> Recorded information
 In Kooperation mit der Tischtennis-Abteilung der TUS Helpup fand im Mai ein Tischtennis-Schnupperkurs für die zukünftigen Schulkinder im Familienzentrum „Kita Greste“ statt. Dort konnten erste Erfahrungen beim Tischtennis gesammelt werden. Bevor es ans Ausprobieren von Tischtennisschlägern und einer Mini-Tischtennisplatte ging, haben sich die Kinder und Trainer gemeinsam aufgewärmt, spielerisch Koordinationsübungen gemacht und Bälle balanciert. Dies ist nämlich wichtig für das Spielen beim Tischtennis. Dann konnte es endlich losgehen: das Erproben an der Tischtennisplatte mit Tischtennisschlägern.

...

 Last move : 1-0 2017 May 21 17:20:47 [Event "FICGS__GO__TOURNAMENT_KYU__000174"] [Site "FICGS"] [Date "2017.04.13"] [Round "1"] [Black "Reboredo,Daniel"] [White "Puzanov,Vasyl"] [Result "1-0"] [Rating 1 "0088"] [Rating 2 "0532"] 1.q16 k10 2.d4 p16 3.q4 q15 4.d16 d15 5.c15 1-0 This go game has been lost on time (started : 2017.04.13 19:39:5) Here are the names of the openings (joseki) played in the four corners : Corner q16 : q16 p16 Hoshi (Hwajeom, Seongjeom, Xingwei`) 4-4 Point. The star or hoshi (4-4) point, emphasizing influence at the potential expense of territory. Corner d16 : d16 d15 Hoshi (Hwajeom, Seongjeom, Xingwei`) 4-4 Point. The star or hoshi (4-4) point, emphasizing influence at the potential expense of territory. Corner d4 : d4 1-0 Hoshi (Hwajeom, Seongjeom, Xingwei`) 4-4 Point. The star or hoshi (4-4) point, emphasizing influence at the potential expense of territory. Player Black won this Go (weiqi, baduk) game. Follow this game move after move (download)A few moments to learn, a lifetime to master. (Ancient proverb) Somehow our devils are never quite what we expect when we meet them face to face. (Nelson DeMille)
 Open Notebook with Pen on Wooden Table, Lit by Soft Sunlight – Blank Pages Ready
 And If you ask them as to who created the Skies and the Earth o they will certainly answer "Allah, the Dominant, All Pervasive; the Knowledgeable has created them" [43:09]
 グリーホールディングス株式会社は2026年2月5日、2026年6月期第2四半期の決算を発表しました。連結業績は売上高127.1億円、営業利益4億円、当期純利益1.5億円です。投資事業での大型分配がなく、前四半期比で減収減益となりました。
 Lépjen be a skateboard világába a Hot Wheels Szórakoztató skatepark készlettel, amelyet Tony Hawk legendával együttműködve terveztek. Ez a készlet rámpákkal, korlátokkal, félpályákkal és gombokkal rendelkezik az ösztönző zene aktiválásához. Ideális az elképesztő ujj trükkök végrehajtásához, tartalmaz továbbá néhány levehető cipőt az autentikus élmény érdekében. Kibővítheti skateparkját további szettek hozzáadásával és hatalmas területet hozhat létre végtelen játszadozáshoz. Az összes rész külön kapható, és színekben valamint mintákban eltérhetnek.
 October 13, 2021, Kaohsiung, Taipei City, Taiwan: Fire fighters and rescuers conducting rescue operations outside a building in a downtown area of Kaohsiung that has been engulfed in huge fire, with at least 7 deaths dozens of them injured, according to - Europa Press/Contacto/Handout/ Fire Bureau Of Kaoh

---

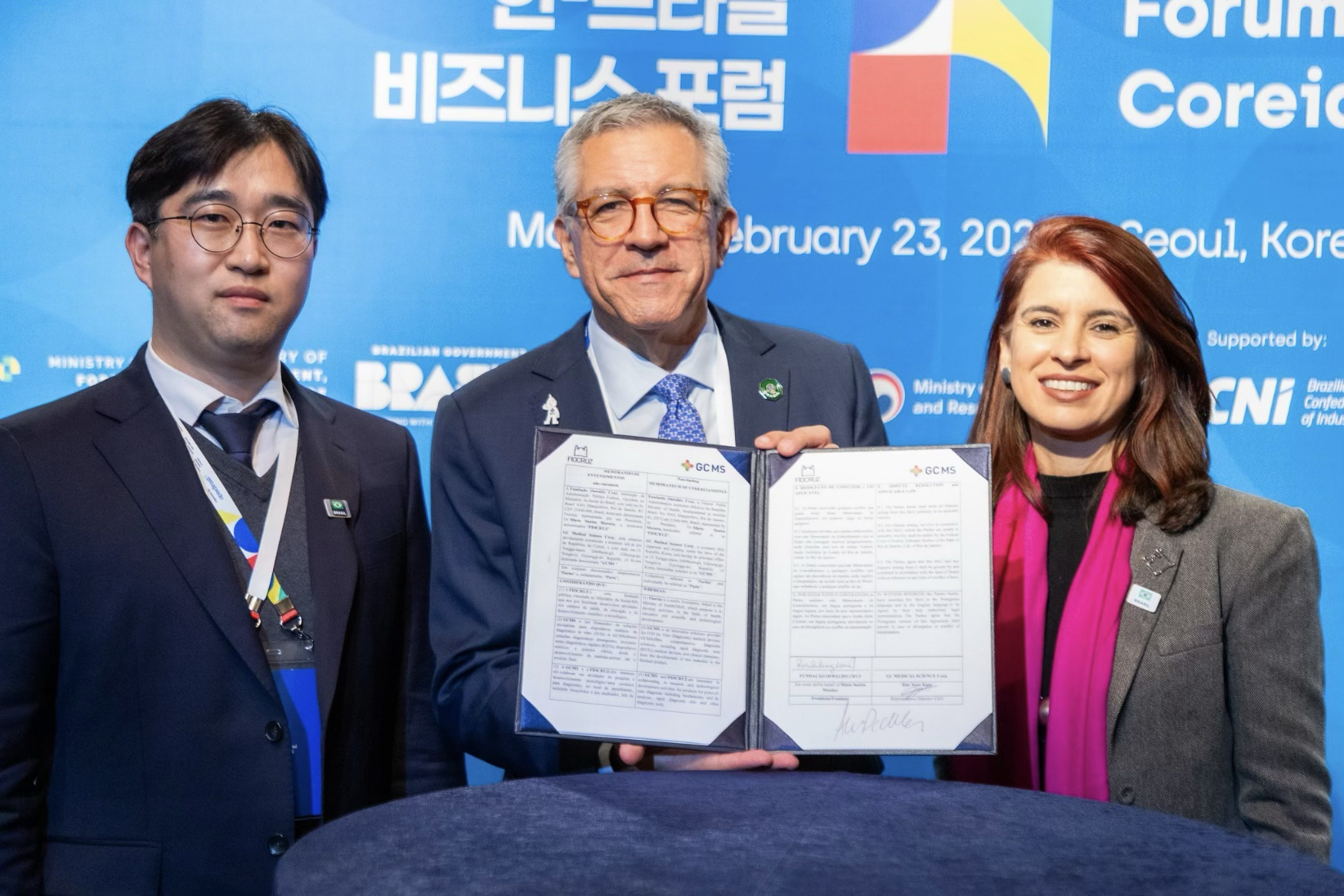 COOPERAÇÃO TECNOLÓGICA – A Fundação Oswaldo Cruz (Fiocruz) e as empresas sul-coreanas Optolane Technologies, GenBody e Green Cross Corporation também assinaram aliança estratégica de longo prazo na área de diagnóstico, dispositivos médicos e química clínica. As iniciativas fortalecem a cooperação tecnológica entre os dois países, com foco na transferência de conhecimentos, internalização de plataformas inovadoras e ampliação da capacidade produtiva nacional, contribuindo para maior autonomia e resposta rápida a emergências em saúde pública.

> Task description
Copy exactly the stretch of data above from the line with "And If you ask" through the line with "October 13, 2021, Kaohsiung, Taipei", and omit all other lines.

> Exercise response
 And If you ask them as to who created the Skies and the Earth o they will certainly answer "Allah, the Dominant, All Pervasive; the Knowledgeable has created them" [43:09]
 グリーホールディングス株式会社は2026年2月5日、2026年6月期第2四半期の決算を発表しました。連結業績は売上高127.1億円、営業利益4億円、当期純利益1.5億円です。投資事業での大型分配がなく、前四半期比で減収減益となりました。
 Lépjen be a skateboard világába a Hot Wheels Szórakoztató skatepark készlettel, amelyet Tony Hawk legendával együttműködve terveztek. Ez a készlet rámpákkal, korlátokkal, félpályákkal és gombokkal rendelkezik az ösztönző zene aktiválásához. Ideális az elképesztő ujj trükkök végrehajtásához, tartalmaz továbbá néhány levehető cipőt az autentikus élmény érdekében. Kibővítheti skateparkját további szettek hozzáadásával és hatalmas területet hozhat létre végtelen játszadozáshoz. Az összes rész külön kapható, és színekben valamint mintákban eltérhetnek.
 October 13, 2021, Kaohsiung, Taipei City, Taiwan: Fire fighters and rescuers conducting rescue operations outside a building in a downtown area of Kaohsiung that has been engulfed in huge fire, with at least 7 deaths dozens of them injured, according to - Europa Press/Contacto/Handout/ Fire Bureau Of Kaoh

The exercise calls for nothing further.